I've been gone for a while and what do I come back to.
A roasting b/c I dropped the ""p-word."
Folks, I've been a fan since since I was 12 yrs old, in 1981. I've read just about everything there is written in English and published in America at some point, and I am well aware that the address 10 Cedarwood Lane/Drive was not from some Dickensian slum. (though today it's not in the great part of town, I can tell you that.)
I have to thank you for your pics though. I don't have a really large one of Bono's childhood home, and it'll make a nice addition to my collection!
What I should have spelled out (like for little kids in kingergarten) is: They may have been middle class growing up, but in their early careerhood, yes, they WERE "poor". If you measure poverty level by personal income, and a lot of people do, I'd say in the early 80's they weren't in the middle class. On the first couple of tours they couldn't even afford a decent bottle of wine. They may have had travel expenses paid, been well fed, borrowed someone's house for a honeymoon, but touring in the early 80's...well. They may not have flopped in flea-infested cheap motels on tour, and they may have had nice little mini-homes after '84 or so, but I'd hardly have envied them....and by the time of The Joshua Tree, Oh My God!!!! After making an album that sold millions of copies, holy cow, Larry says he actually made 20,000 dollars, enough to buy a motorcycle! Hardly middle-class riches, compared to the money they were generating!
What I meant was, the Hewson kids' childhood is MUCH different from their parents. And it's the Hewsons I was thinking of when I posted that. The band has a clause that states that their copyright ownership etc is good until 75 yrs after the death of the last band member. So the kids are set for life, barring some great change.
That is MUCH different than your typical middle class upbringing. U2 in their early years DID have to struggle to get to the top. And it was a long, brutal 9-yr (IMO) uphill struggle, and the bottom could have fallen out at any time. So I can see them telling their kids that they might have been "poor" (of course we don't know this, it's none of our business, but it helps when your formerly "posh" home is now in the bad part of town, and you don't want to hang out there.)
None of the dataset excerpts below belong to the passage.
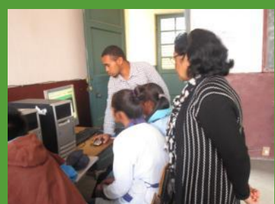
Phase test au lycée RASALAMA

86 000 sites dans 237pays, traduit dansprèsde 120 langues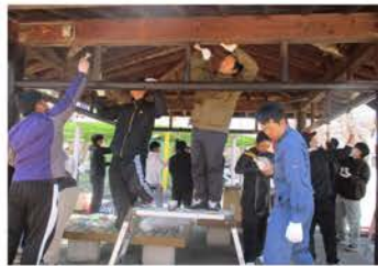
「塗り残していないかな？」と 声掛けあって丁寧な作業

1月下旬、ボランティアセンターに ㈱トーエネック労働組合員の方から 「組合員で何かボランティアを…」と 相談がありました。ボランティア活動を したことがある人もいれば、初めて の人もいます。何がいいか考えていた ところ、動物園を取り上げた広報誌を 目にし、子どもを連れてよく出掛け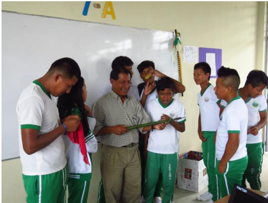
Imagen 4. Práctica con los estudiantes. Archivo fotográfico de los autores. 2019.

Otro proceso significativo que se dio durante la práctica del tejido de saber de la conservación de biodiversidad se denominó caminar por las huellas de conocimientos y saberes mediante la comunicación a través de la oralidad. En este orden ideológico de gobernanza en educación es enseñar y aprender convivir a partir de los principios de Unidad, Cultura, Territorio y Autonomía, para el control territorial y social.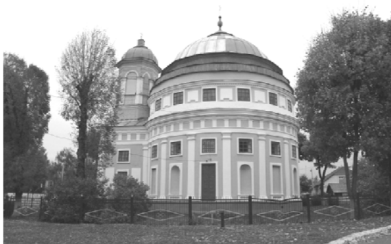
Рис. 10. Церковь Пресвятой Богородицы в Чечерске (1780-е гг.). Общий вид

Заключение. В результате краткого рассмотрения характера развития классицистического стиля, приносимого на белорусские земли с запада и востока, можно сделать следующие выводы: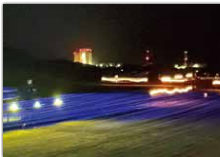
写真② <Afterreal> <アフターリアル> 製作: 千田 泰広

が約20mにも及ぶ作品(写真②)は、夜の大型ロケット発射場を背景に大きな青い光が海のように広がり訪れる人々の目を楽しませました。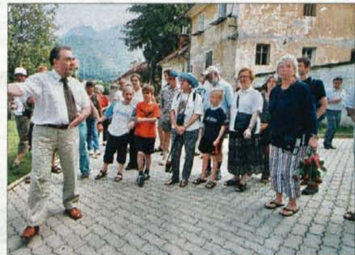
V tolikšnem številu in v Preddvoru so se letos zbrali prvič, čeprav je bilo podobno srečanje organizirano že enkrat prej.

ske, kasneje Jugoslovanske ljudske armade, ob koncu istega leta pa je grad začel dobivati vlogo, ki jo ima še danes: postal je prebivališče starostnikov. Danes se grad Turn imenuje Dom oskrbovancev Albina Drolca.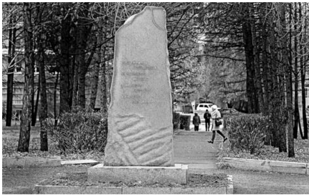
На месте нынешнего закладного камня вскоре может появиться памятник вдовам фронтовиков.

и баба, и мужик» – женщина прошла весь этот страшный путь, памятник нужно ставить ей. «Эта смиренная баба двужилна, как Русь. Знаю, вынесет все, за неё не боюсь. Надо – вспашет полмира, надо – выждит бой. Я горжусь, что и мы тоже бабы с тобой!» – так писала про нее Юлия Друнина.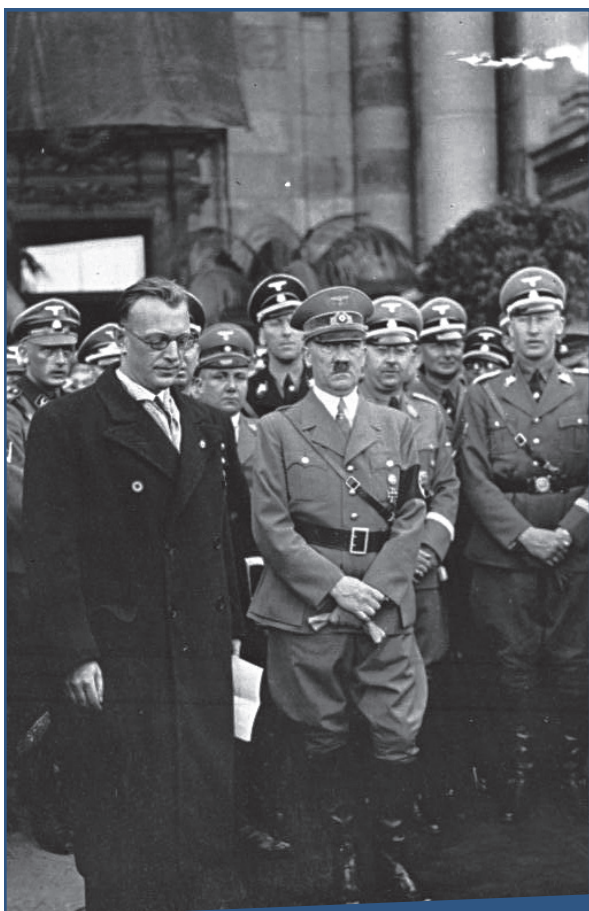
K. Henlein a A. Hitler

Na závěr své Zprávy Henlein požádal, aby „sudetoněmecká otázka byla řízena přímo z Berlína“, přičemž současně konstatoval, že „srozumění mezi Čechy a Němci je v Československu prakticky nemožné“. Tím se dal plně i se sudetskými Němci k dispozici Hitlerovi a nacismu. Politický vývoj SdP se od listopadu 1937 do léta 1938 přizpůsobil nacistické verzi „völkischpolitiky“, tedy rozbití ČSR a připojení „českého prostoru“ k Velkoněmecké říši pomocí války v součinnosti s SdP coby „páté kolony“.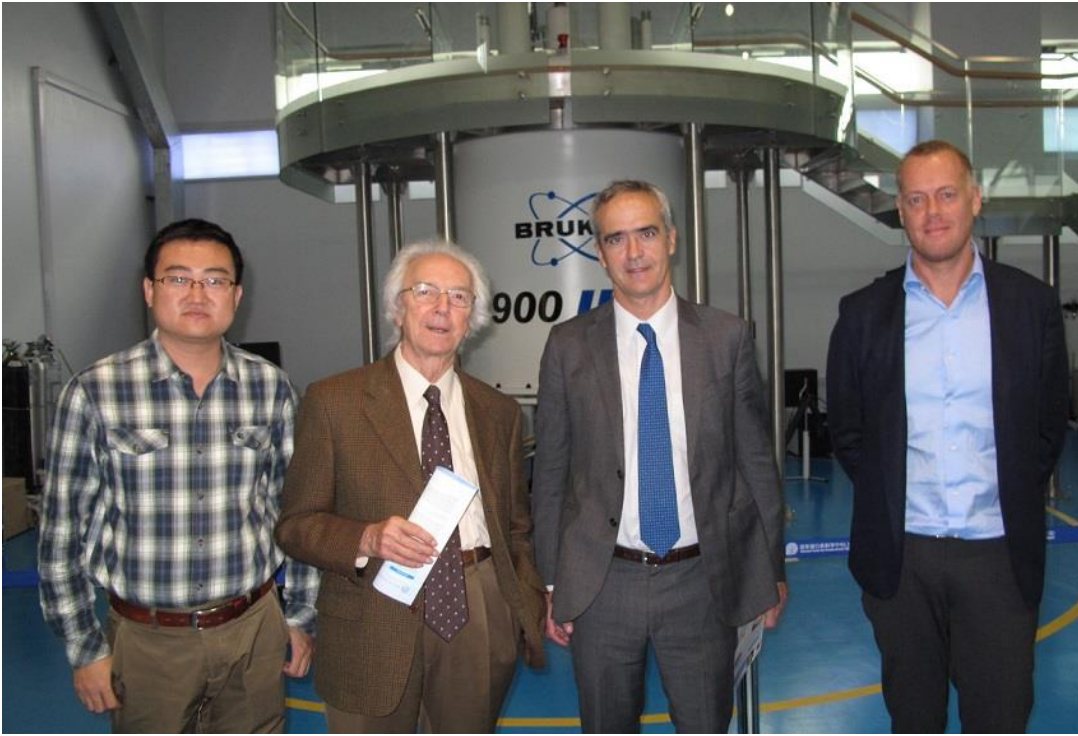
Shanghai Tech Lab visit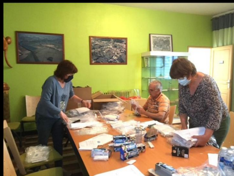
Début de mandat atypique marqué par la distribution de masques et la mise en place d'un centre de vaccination !

Ces quelques images retracent les moments marquants et les réalisations qui ont façonné notre commune au cours des six dernières années. Ce panorama ne prétend pas être exhaustif, tant les initiatives ont été nombreuses, mais il illustre l'engagement constant de toutes les forces vives.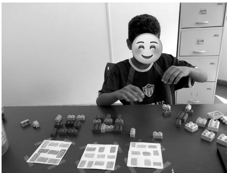
Imagem 4 — Fotografia de uma atividade pedagógica realizada por uma criança 9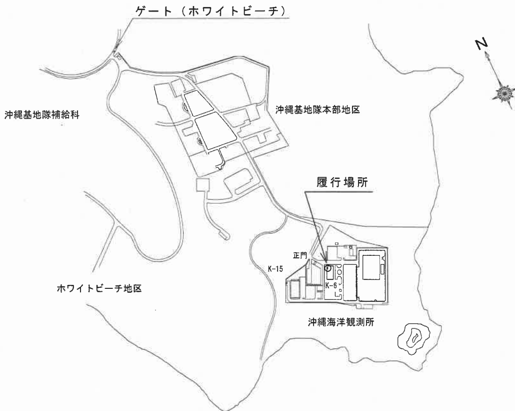
沖縄海洋観測所配置図 NO SCALE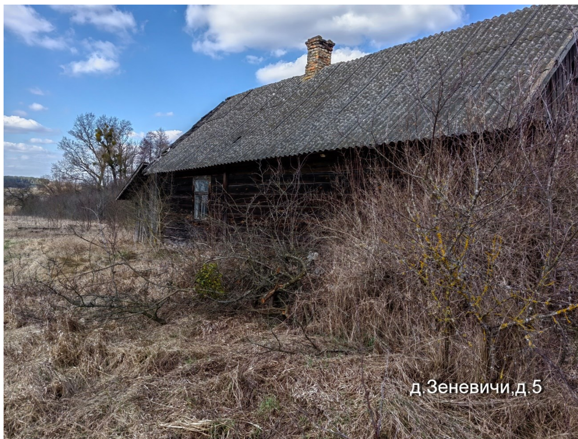
д. Зеневичи, д. 5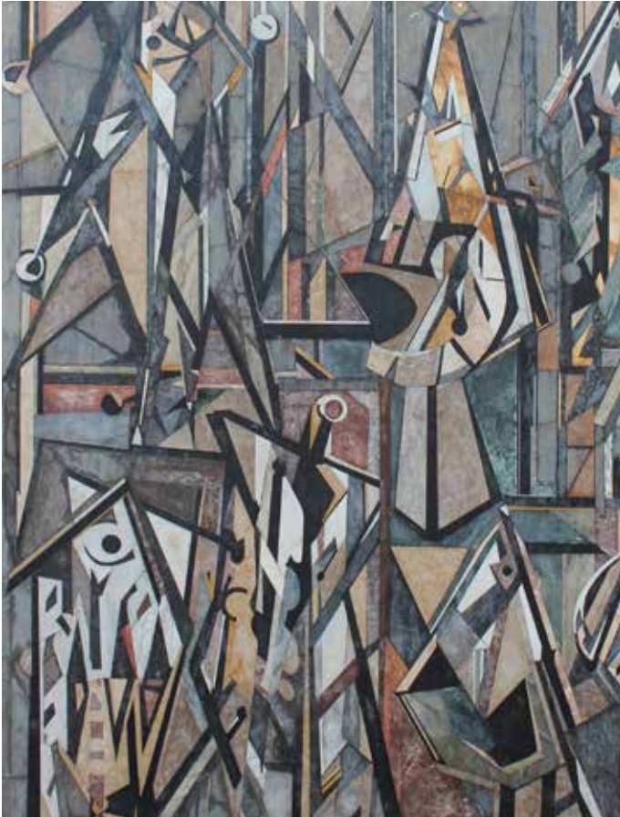
Marmorintarsia vid Axel Dahlströms torg, Endre Nemes.

If Bono wanted to re-write history for his kids, history has helped in a big way. All he'd have to do is take his kids and show them Ballymun to make them motivated to do something with their lives that counts. I imagine that that "hard-working middle-class" ethic is still ingrained in him...and how his kids would think their parents were "poor." It's all relative.
As for re-writing history...Bruce was very good at spinning a "working class" myth as well...it wasn't only Jon Landau that did it.